Search
Close this search box.

(Ilustrasi : http://www.dw.de/dapd)
(Ilustrasi : http://www.dw.de/dapd)

Ourvoice.or.id. Cinta sekaligus benci: adalah metafora klise tapi paling tepat menggambarkan hubungan Indonesia-Amerika.

Jajak pendapat Lembaga Survey Indonesia menampilkan potret karikatural:

Ketika ada pertanyaan: negara mana yang paling anda anggap mengancam? Mayoritas menyebut: Amerika.

Tapi ketika ditanya: kalau punya kesempatan, negara mana yang paling ingin anda kunjungi? Sebagian besar menjawab: Amerika.

Antara yang benci dan suka bersaing ketat: sejumlah polling menunjukkan prosentase yang suka dan benci Amerika di Indonesia hanya berbeda tipis.

Jika majalah Newsweek beberapa pekan setelah tragedi 11 September lewat laporan utamanya bertanya: Why They Hate America?

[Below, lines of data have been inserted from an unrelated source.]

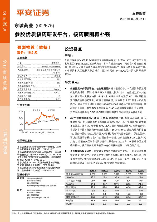 本报告分析了东诚药业参股APRINOIA的事件,认为此举将有效扩张公司在核药领域的布局,并强调了APRINOIA的核心产品18F-APN-1607在阿尔兹海默病诊断方面的市场潜力。报告维持了对东诚药业的“强烈推荐”评级,并提示了相关风险。
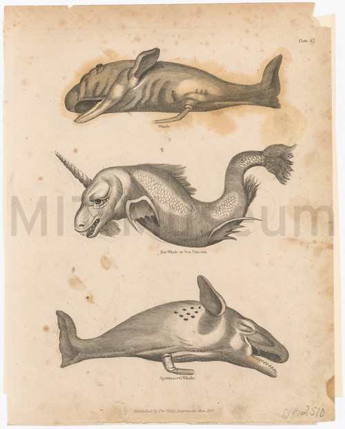 Whale, Narwhale or Sea Unicorn, Spermaceti Whale Plate 47 Monochrome engraving showing a male whale, labeled "Whale", a heavily stylized narwhal …
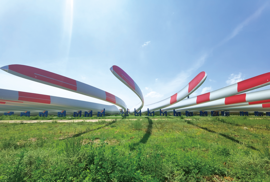 ,已经成为“海上风叶强者”。 01一长再长 国内风电发展初期,风机多装于陆上富风区域。随着富风区域资源减少和风电消纳的制约,市场逐渐饱和,加上低风速和海上风电技术的发展,在低风速区域和海上建风电厂已具备经济效益。 中材叶片与中复连众十几年的成长发展历程,是中国风电产业发展成长的缩影。 20世纪下半叶,世界石油危机之后,风能作为清洁且高效的可再生能源得到迅速发展。 如果将时间回拨到20年前,国内并没有兆瓦级风电叶片的制造先例。所有关键的模具、工装设备以及制造工艺、原材料都来自欧美国家。 20世纪80年代,我国首次引进了三台风力发电机组,开始尝试风力发电机组的开发。1996年开始,随着“乘风工程”、科技支撑计划等一系列项目的实施,国内开始发展风电技术。 也正是在那个时候,北京玻璃钢研究设计院(下称“北玻院”)开始改制成企业。因为在复合材料技术方面有着多年的技术积淀,它们决定进军风电叶片领域。 中材科技股份有限公司党委书记、董事长薛忠民说:“真正用到风电叶片,我们还缺气动设计、结构设计,以及完整的产品设计,咱们要数据库没数据库,要经验没经验,在前几年,主要精力还是在技术上补短板,跟跑。” 2005年,北玻院成立了风电叶片研发项目组,并决定先派5个人去哈尔滨绝缘材料厂共同开发风电叶片。从中关村出发,风电叶片研发项目组5个人各自扛着一台电脑就出发了,一去便是五个月。 叶片堆场 在艰难的条件下,从模具开发到产品研发,一边是中材科技风电叶片研发项目组与哈尔滨绝缘材料厂联合开发国内第一套1.2兆瓦的叶片;另一边是中复连众在风力机叶片生产线及技术上的发力。 2005年,中复连众抓住国家大力鼓励和扶持国内风电制造业发展的契机,从德国引进1.5兆瓦风力机叶片生产线及技术,成为国内首家从事兆瓦级叶片制造的企业。 至此,大型叶片在国内的发展经历了四个阶段,分别是制造技术引进、制造技术研发、设计技术起步和全面自主设计。 因风资源特性的差异,以及叶片设计、制造理念不同,从欧美国家购买的专利技术到期后还有很多问题需要解决。这些技术不是照搬照抄就能解决的,需要企业不断探索新知,拥有自己的核心技术。 风电叶片主要由增强材料、夹芯材料、基体材料、表面涂料及不同部分之间的结构胶组成。叶片80%以上的成本来自原材料,而60%的原材料成本来自增强材料与基体树脂。 目前,市面上的增强材料主要由玻璃纤维组成。随着叶片越来越长,对材料性能的要求也在不断提高。在业内人士看来,传统的玻璃纤维材料急需性能更强的材料替代,而碳纤维是目前最佳的材料之一。碳纤维的主要特征是质量轻、强度高、模量高、耐腐蚀、抗疲劳等,是一种常常被应用于航空航天、基础设施、工业领域的碳主链结构的高性能纤维材料。 采用碳纤维的叶片不仅有效减轻了叶片质量,还提高了叶片刚度和强度。 据了解,主梁一般会占风电叶片整体重量的三分之一,是支撑整支叶片的关键构件。使用碳纤维主梁,能够在最大程度控制成本的前提下,保证叶片强度和刚度,降低整体重量。 早在2014年,中复连众就下线了应用碳纤维主梁的75米叶片,采用真空导入工艺。之后,该企业又采用碳纤维预浸料制造碳纤维主梁。 目前,中复连众自主开发的76米碳纤维预浸料主梁叶片已生产220套;由某整机商提供设计的90米碳纤维预浸料主梁叶片,共生产44套。“中复连众正在研发其他碳纤维利用技术,为整机商制造超百米级的碳纤维叶片。”刘卫生介绍。 在对引进技术消化吸收后,中复连众形成了涵盖叶片设计、材料测试评价、关键工装设备开发、叶片制造及全尺寸结构试验等完善的技术创新体系。 123米叶片下线 中复连众不断攻克更高强度的叶根连接技术,实现了将特定直径叶根承载能力提升20%的重大突破。中复连众现有9个系列140余个型号的产品,量产的叶片最大长度已经超过120米。 02国产化替代 2006年1月1日,《可再生能源法》实施。在一系列国家政策支持下,中国风电市场规模迅速扩大,装机容量快速增长,同时也带动了风电叶片行业的迅速发展。 正是在这个时期,中材科技风电叶片股份有限公司在北玻院的基础上组建成立。 风电叶片,从研发到批量生产,是一个艰难的过程。 中材科技锡林公司风电项目 中材叶片技术总监鲁晓锋说:“叶片看起来简单,但实际上工艺很复杂,设计和制作都很难。结构上,叶片实际上是个悬臂梁,一端固定、一端自由,看着是刚性的,实际上风来了以后,它得往一边绕一下,整个是比较复杂的结构设计,叶片越大越容易弯曲,所以需要抗弯,在大的同时,又要重量轻。” 临近2007年春节,原本是高兴的日子,中材叶片风电项目组团队成员之间恨不得见了面就要打架,因为有争论、有分歧。 “当时真的陷入了迷茫之中。” 薛忠民说,“有那么一两个月陷入了停顿状态,出一支叶片的主梁,有皱褶,出一支报废一支。主梁发挥主承力作用,所以它有点皱褶,将来有可能就是破坏点。” 报废一个梁就是一二十万,相当于报废了一辆小轿车。顶着高压经过近半年的痛苦磨炼,中材叶片第一支可批量生产的40.25米叶片终于试制成功,这是当年我国自主研发和制造的国内最长的风电叶片。中材叶片创新性地把液体成型技术应用于风电叶片的生产制造,彻底改变了叶片行业

Maka ada banyak jawaban: orang Indonesia melihat Amerika berkhianat karena mendukung rezim diktator militer orde baru. Korporasi raksasa tambang Amerika dianggap simbol eksploitasi. Dan terakhir, kebijakan di dunia muslim dan perang melawan terorisme.

Ada banyak alasan untuk benci, tapi ada banyak alasan pula untuk suka.

Jakarta adalah etalase: orang rela antre berjam-jam untuk membeli produk Apple terbaru. Starbuckstersebar di mana-mana.

Amerika adalah salah satu penanam modal terbesar di Indonesia. Setiap tahun semakin banyak pelajar yang ingin kuliah di Amerika.

Hal lain: Amerika kini menggeser haluan. Jika dulu, Eropa dan Timur Tengah dianggap mitra paling strategis, maka prioritas itu kini bergeser ke Asia.

Gesture Paman Sam jelas menunjukkan keinginan untuk mendekat ke Indonesia. Satu langkah dua tujuan tercapai: memperkuat kerjasama dengan negara berpenduduk muslim yang punya demokrasi serta pertumbuhan ekonomi paling menakjubkan di satu sisi. Membendung pengaruh Cina di sisi lain.

The Post American World, begitulah para ahli menyebut dunia hari ini. Tak ada lagi monopoli tunggal Amerika, karena Cina, India atau bahkan Indonesia, kini semakin berkembang menjadi kekuatan baru.

Dunia yang berubah menyediakan banyak kesempatan. Tergantung kita: apakah akan terus curiga dan selalu melihat orang lain sebagai ancaman, atau peluang untuk maju?